La Corte di Cassazione, Sezione III, con la sentenza n° 43262 del 22 ottobre 2019, si è pronunciata in tema di detenzione di sostanze stupefacenti ai fini di spaccio, precisando i criteri probatori da adottare per fondare l’affermazione di responsabilità dell’imputato.

In materia di stupefacenti, i Giudici della Corte, aderendo all’ormai consolidato orientamento giurisprudenziale, affermano che il possesso di un quantitativo di droga superiore al limite tabellare, previsto dall’articolo 73 comma l-bis, lettera a) D.P.R. 309/1990, da solo non costituisce prova decisiva dell’effettiva destinazione della sostanza allo spaccio.

Il mero dato del superamento dei suddetti limiti tabellari, prosegue la Corte, non vale a invertire l’onere della prova a carico dell’imputato, ovvero a introdurre una sorta di· presunzione, sia pure relativa, in ordine alla destinazione della sostanza a un uso non esclusivamente personale.

La valutazione in ordine alla destinazione della droga deve essere effettuata dal giudice attraverso l’analisi cumulativa di parametri quali: la quantità, la qualità e la composizione della sostanza; le modalità di presentazione della sostanza (eventuale frazionamento); la disponibilità di attrezzature per la pesatura o il confezionamento della sostanza; il reddito del detentore e del suo nucleo familiare; le altre concrete circostanze del caso.

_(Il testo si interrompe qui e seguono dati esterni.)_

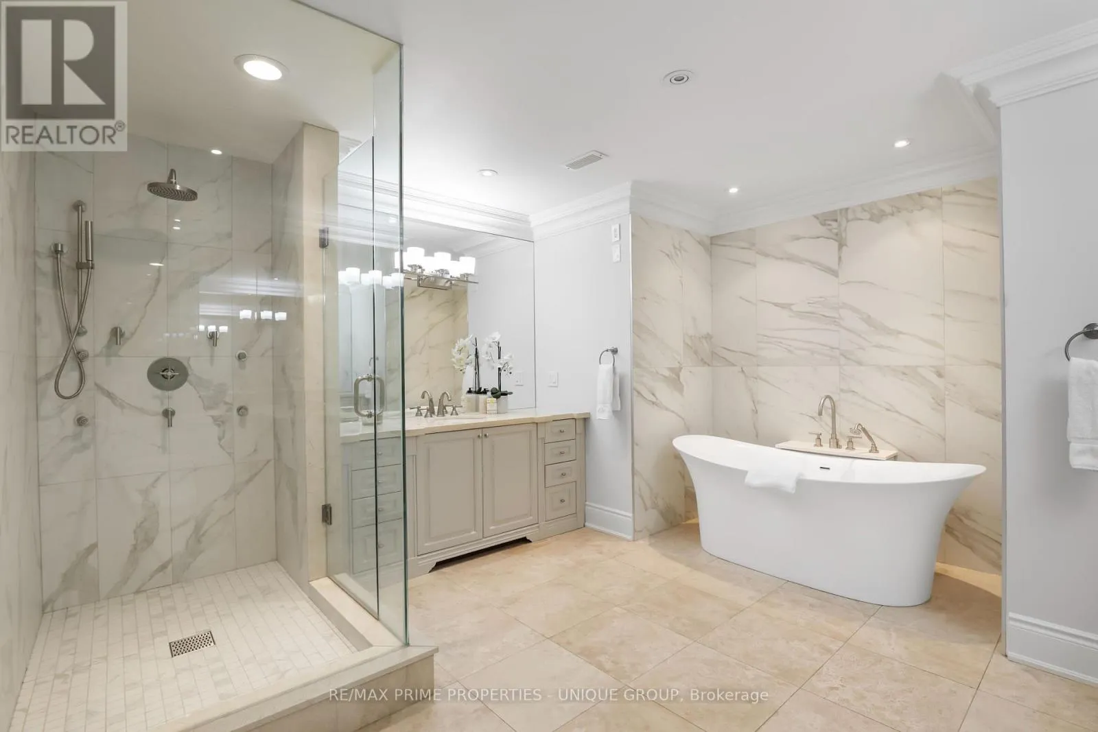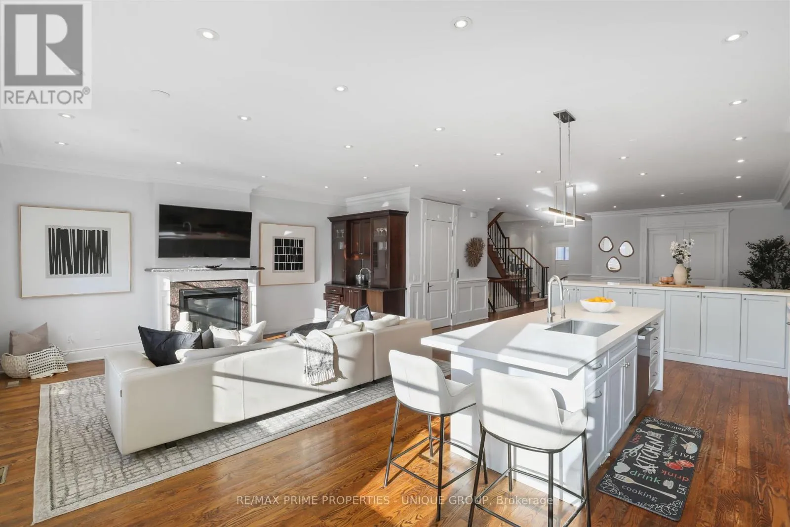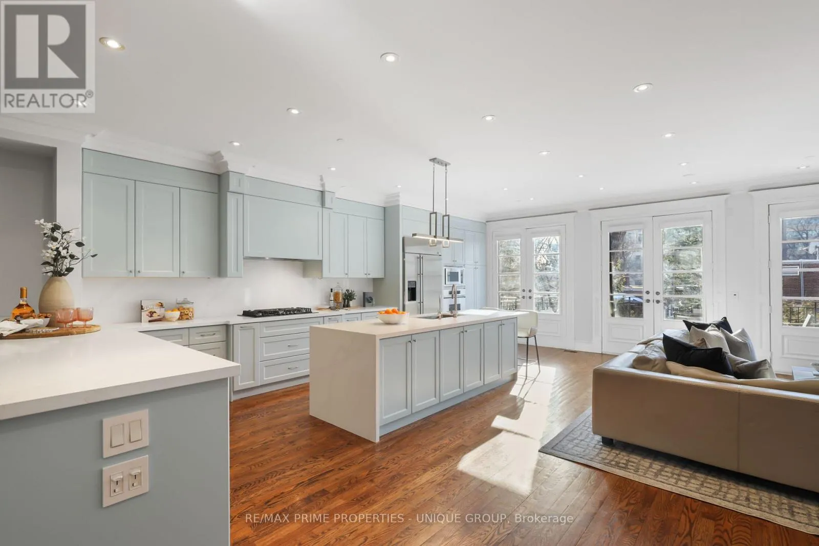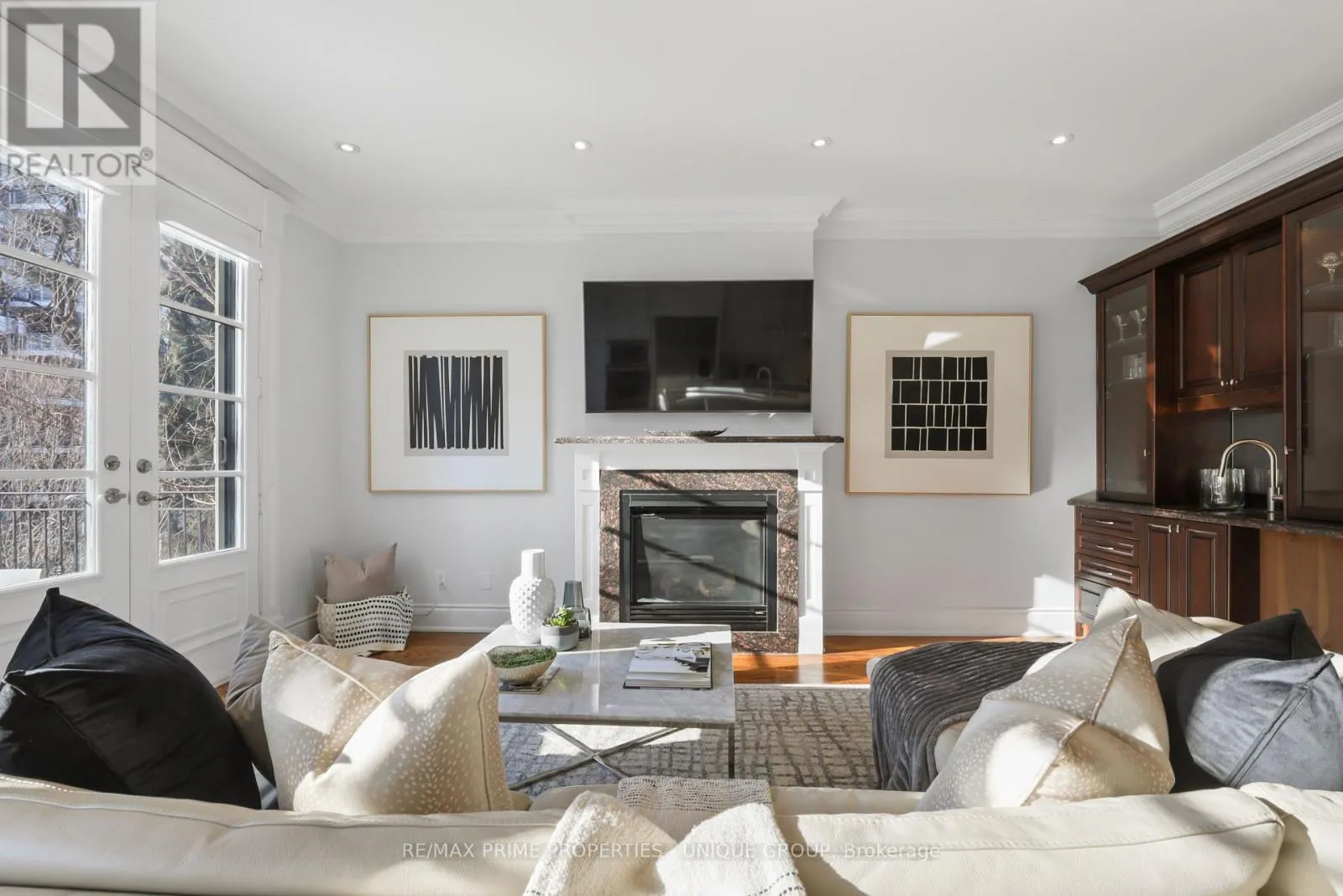 Cross Streets: Yonge and St. Clair. ** Directions: Yonge and St.Clair. Luxurious Midtown Property. A Detached 2 1/2-storey Georgian-style home with 4,960 sq ft of beautifully finished living space.Custom built in 2008, this exceptional property showcases soaring ceilings, expansive principal rooms, and an open-concept layout ideal for both everyday living and elegant entertaining.Situated on a premium 30 x 174 ft pool-sized lot, set back from the street for added privacy, this remarkable home is located north of St. Clair in prime Midtown Toronto, between Yonge Street and Avenue Road.This 4-bedroom, 5-bathroom residence has been extensively updated, including a stunning new kitchen (2025) featuring quartz counters and modern cabinetry. The main floor offers a private den, and an impressive open-concept dining room, kitchen, and family room. Three sets of double doors open from the great room to a spectacular west-facing terrace - perfect for seamless indoor-outdoor living. Gas fireplaces are located in both the living room and family room.The second floor features a luxurious primary retreat with abundant closet space and a spa-inspired 5-piece ensuite. A second bedroom on this level includes a walk-in closet and private 3-piece ensuite.The third floor offers a beautiful third bedroom suite with a 4-piece ensuite and sliding glass doors leading to a secluded west-facing terrace. A spacious den/storage area on this level presents the option for an additional bedroom.The bright, above-grade lower level boasts a large recreation room and a fourth (or fifth)bedroom. Three double doors lead to an expansive deck with stairs descending to a generous fenced backyard - ideal for family enjoyment and entertaining. Elevator access from the garage services all levels of the home, providing exceptional convenience. A long private driveway with side parking pad and garage offers ample parking options. Steps to fine restaurants, banks, subway, groceries, LCBO, and premier shopping. (id:27476)
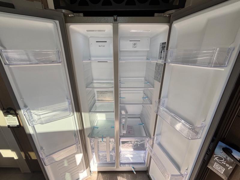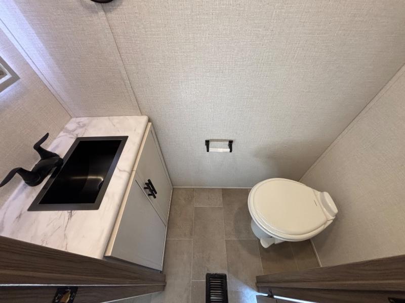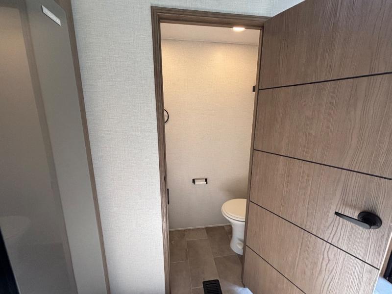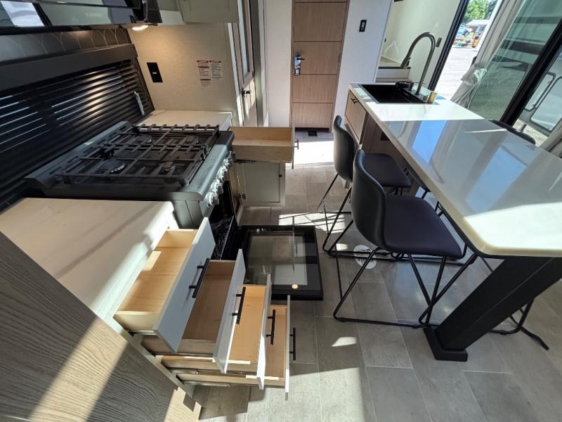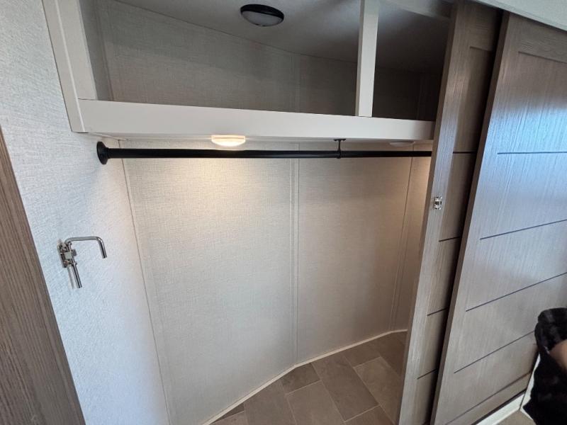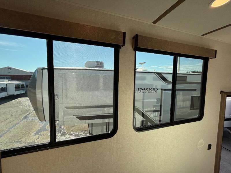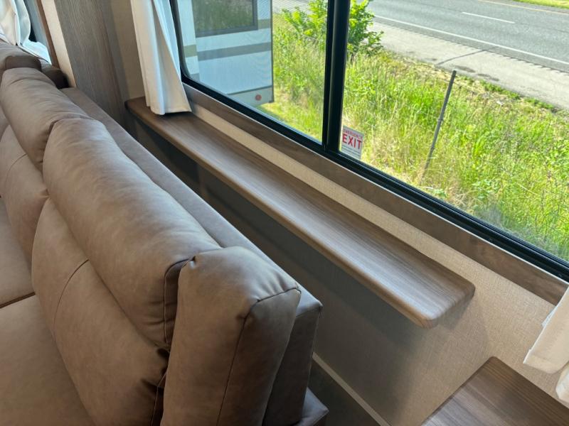 With any Impression mid-profile fifth wheel by Forest River, the focus of the design is comfort and value, built with quality craftsmanship and attention to customer's desires in each Impression! The exterior includes upgraded E-rated tires, custom exterior graphics package, and insulated slam latch baggage doors. There is also an enclosed docking station, an outside shower, and a 100W roof solar panel for off-grid capabilities. The fully heated and enclosed AccessiBelly has removable underbelly panels and offers four seasons of travel, and there is an industry leading 15K A/C plus 35K BTU furnace to keep you comfortable. The interior has lumbercore cabinetry, residential linoleum, residential backsplash in the kitchen, and oversized opening windows in the living area for more natural lighting and good air flow.
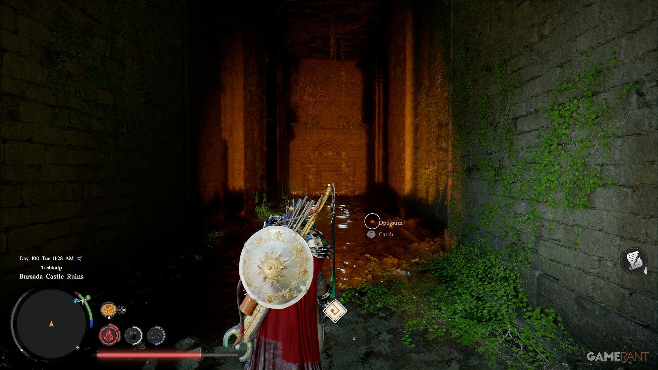- In the southeast region of the Crimson Desert, you can find the Bursada Castle Ruins. Head north through the large door just before the stairs upwards, and take a left to find a long corridor.

Sul punto, il dato della fuga tentata dall’imputato alla vista delle forze dell’ordine (come nel caso di specie) rappresenta un elemento neutro, in quanto può essere giustificata dal fatto che anche la mera detenzione per uso personale espone il detentore a conseguenze personali sfavorevoli, in relazione alle sanzioni amministrative previste dall’art. 75 del D.P.R. 309/90.